About a half mile away there is a border fence but it abruptly comes to an end. Anyone can just wander around it. One more reason George Brenzovich and his wife want this area more secure ASAP. So who is their choice for president?

BRENZOVICH: I've got all my cards on the table for Donald Trump.

TUCHMAN: Brenzovich he has faith in the New York City billionaire.

Do you think Donald Trump knows what he's talking about?

BRENZOVICH: I think absolutely. I think NAFTA is a big failure. We'll use all that money to build a wall you can't imagine.

TUCHMAN: There are registered Republicans on the Texas border who don't much like Trump. Steven Brewer likes the immigration stance of Ben Carson whom he will vote for Tuesday.

Do you think Carson is tough enough on that?

STEVEN BREWER, EL PASO REPUBLICAN VOTER: I believe that he's tough enough. I believe he's fair. I believe that Donald Trump is over the top. He really is. What he wants to do with immigration, especially in this area on the border it's just its going to breed ill will between the two countries.

TUCHMAN: But this Republican says the former reality show host is not over the top. Saying he was thinking of voting for Rubio but will instead vote for Trump.

Does it trouble you that he talks about sending everyone back who is undocumented in this country?

JOEL CHACON, EL PASO COUNTY REPUBLICAN VOTER: No, I'd help him. I think a lot of people would help him.

TUCHMAN: In George Brenzovich is one of them. He wants his land back from the people crossing through it illegally. He wants his safety back so he doesn't have to carry a gun nearly everywhere he goes.

BRENZOVICH: I'm retired. My roots are deep. My property is paid off. I'm staying.

TUCHMAN: Gary Tuchman, CNN, El Paso County, Texas.
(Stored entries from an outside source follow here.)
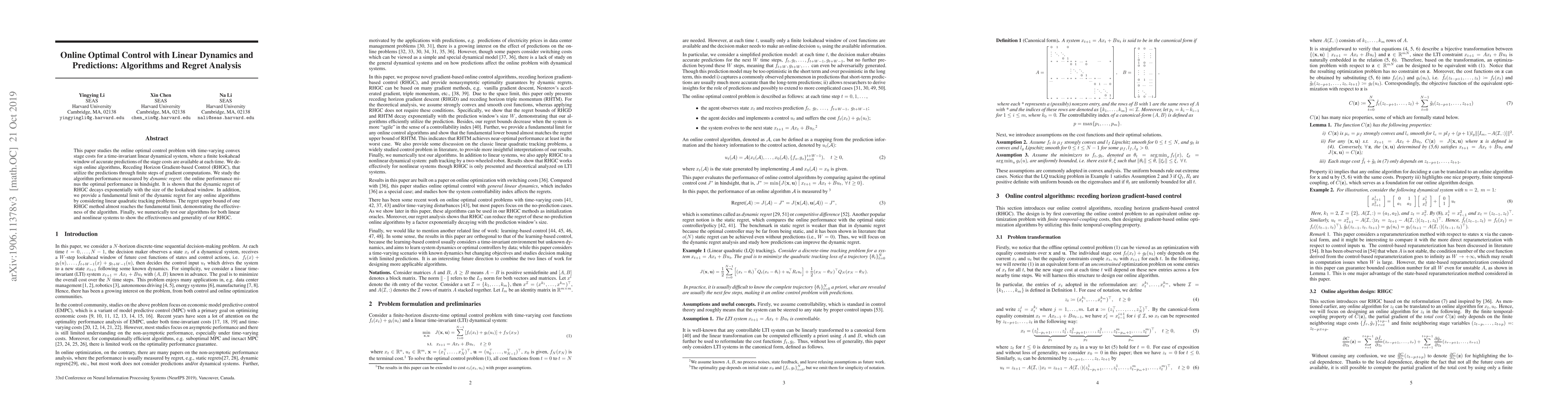 This paper proposes Receding Horizon Gradient-based Control (RHGC) algorithms for online optimal control of linear dynamical systems with time-varying convex stage costs, showing that their dynamic regret decays exponentially with prediction lookahead. The study also establishes a fundamental regret limit for linear quadratic tracking problems, demonstrating RHGC's near-optimal performance.
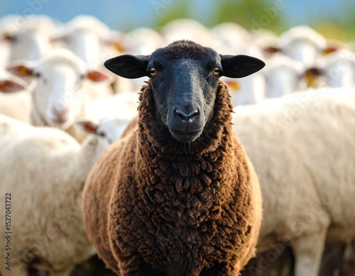 © Luthfi, Fototapeta premium Black-brown sheep amidst a flock
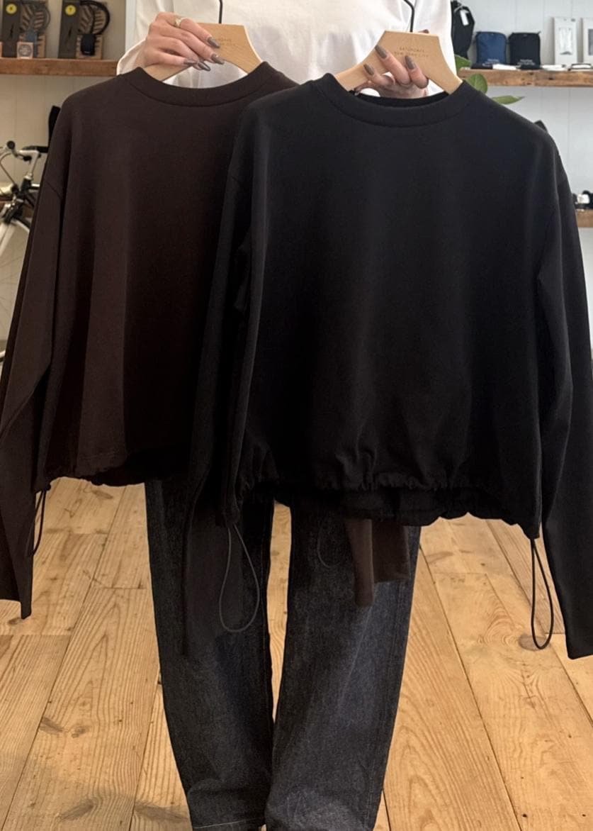 トップスはドローコードでシルエットを変えられ、ゆるっと着ても、絞って立体感のあるバルーンシルエットでも楽しめる一枚。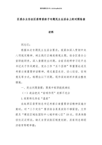 【七哥公文】2025年:【七哥公文】区委办主任在区委常委班子专题民主生活会上的对照检查材料+更多免费公文+VX:QiGeGongWen2024+更多免费公文+VX:QiGeGongWen2024
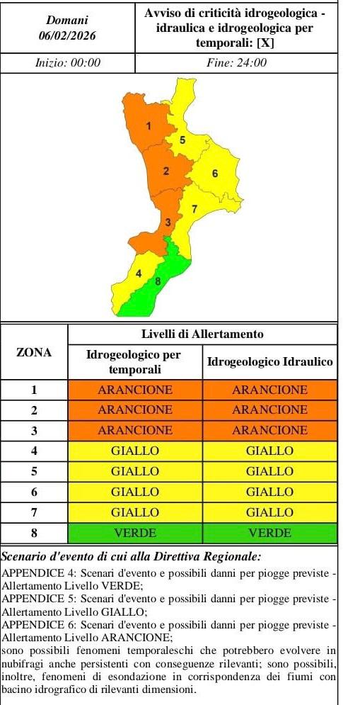 Il maltempo continua a insistere sulla Calabria, con condizioni atmosferiche in ulteriore peggioramento nelle prossime ore. La Protezione Civile regionale, in collaborazione con il Centro Funzionale Multirischi Arpacal, ha emesso un’allerta meteo arancione per la giornata di domani su ampie porzioni del territorio.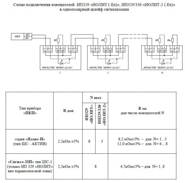 Для работы извещателя с приборами серии Яхонт-И при выпуске производителем устанавливается внутренний токоограничительный резистор сопротивлением 2,2 кОм, при работе с другими ППКП - устанавливается другой необходимый для него резистор.

COOPER: Right along the border. Just ahead, how Ted Cruz is faring in his home state we know he's a polarizing figure in Washington certainly and Capitol Hill. But can he win the hearts and minds of the Texas voters? We'll take you to a diner in Dallas to find out what people there are thinking and saying.

And later, deadly tornadoes strike the Southeastern United States. The latest on whether the powerful storm system is hitting as we come to you live from the University of Houston where the side of the CNN GOP Debate is tomorrow night.

We'll be right back.


[21:27:35] COOPER: After coming in third in Nevada, Ted Cruz has his eyes planted firmly on Super Tuesday. Today he said he believes it will be the most important day of the election and that he'll have a very good night. And one of the states voting on Super Tuesday is obviously is his home State of Texas.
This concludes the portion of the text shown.